In science there is never any error so gross that it won't one day, from some perspective, appear prophetic.

JOHN DEWEY:
Education, therefore, is a process of living and not a preparation for future living.

JOHN F. KENNEDY:
The wave of the future is not the conquest of the world by a single dogmatic creed but the liberation of the diverse
energies of free nations and free men.

JOHN F. KENNEDY:
Change is the law of life. And those who look only to the past or present are certain to miss the future.

JOHN L. LEWIS:
Let the workers organize. Let the toilers assemble. Let their crystallized voice proclaim their injustices and demand their
privileges. Let all thoughtful citizens sustain them, for the future of Labor is the future of America.

MARCUS AURELIUS:
Every man's life lies within the present; for the past is spent and done with, and the future is uncertain.

NIELS BOHR:
Prediction is very difficult, especially of the future.

PATRICIA HAMPL:
The future is here, now, and the past is full of actual deeds, real history. Utopias hardly have the meat on their bones to
sustain a people in grave times.

PEARL S. BUCK:
One faces the future with one's past.

PEMA CHODRON:
Everything is material for the seed of happiness, if you look into it with inquisitiveness and curiosity. The future is
completely open, and we are writing it moment to moment. There always is the potential to create an environment of
blame -- or one that is conducive to loving-kindness.

PERCY BYSSHE SHELLEY:


Fear not for the future, weep not for the past.

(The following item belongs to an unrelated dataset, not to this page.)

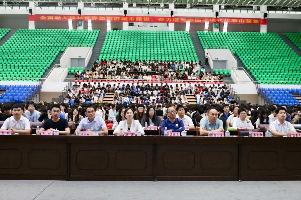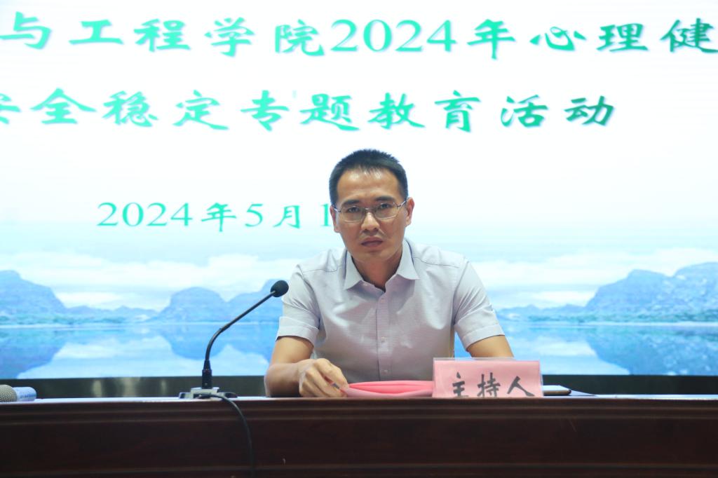 邀请桂林医学院附属医院主任护师、国家二级心理咨询师苏元英和雁山反诈中心、雁山派出所负责人李灵希在雁山校区综合体育训练馆开展“沁润文明心灵,筑牢安全防线”——2024年心理健康暨安全稳定专题教育活动。学生工作部(处)副部(处)长、大学生就业与职业规划中心主任迟国东,研究生工作部部长孙巍,学院党委副书记叶大相,武装部、保卫处蒋小康、郑林出席活动,学院全体专兼职辅导员及全体研究生、本科生共计2000余人参加,活动由叶大相主持。

PIERRE TEILHARD DE CHARDIN:


The future belongs to those who give the next generation reason for hope.

SIMONE WEIL:
The future is made of the same stuff as the present.

THICH NHAT HANH:


Life can be found only in the present moment. The past is gone, the future is not yet here, and if we do not go back to
ourselves in the present moment, we cannot be in touch with life.

THOMAS BERRY:
If the earth does grow inhospitable toward human presence, it is primarily because we have lost our sense of courtesy
toward the earth and its inhabitants.

THOMAS JEFFERSON:
I like dreams of the future better than the history of the past.

VERNON COOPER:
These days people seek knowledge, not wisdom. Knowledge is of the past, wisdom is of the future.

W. E. B. DU BOIS:
Now is the accepted time, not tomorrow, not some more convenient season.
It is today that our best work can be done and not some future day or future year.
It is today that we fit ourselves for the greater usefulness of tomorrow.
Today is the seed time, now are the hours of work, and tomorrow comes the harvest and the playtime.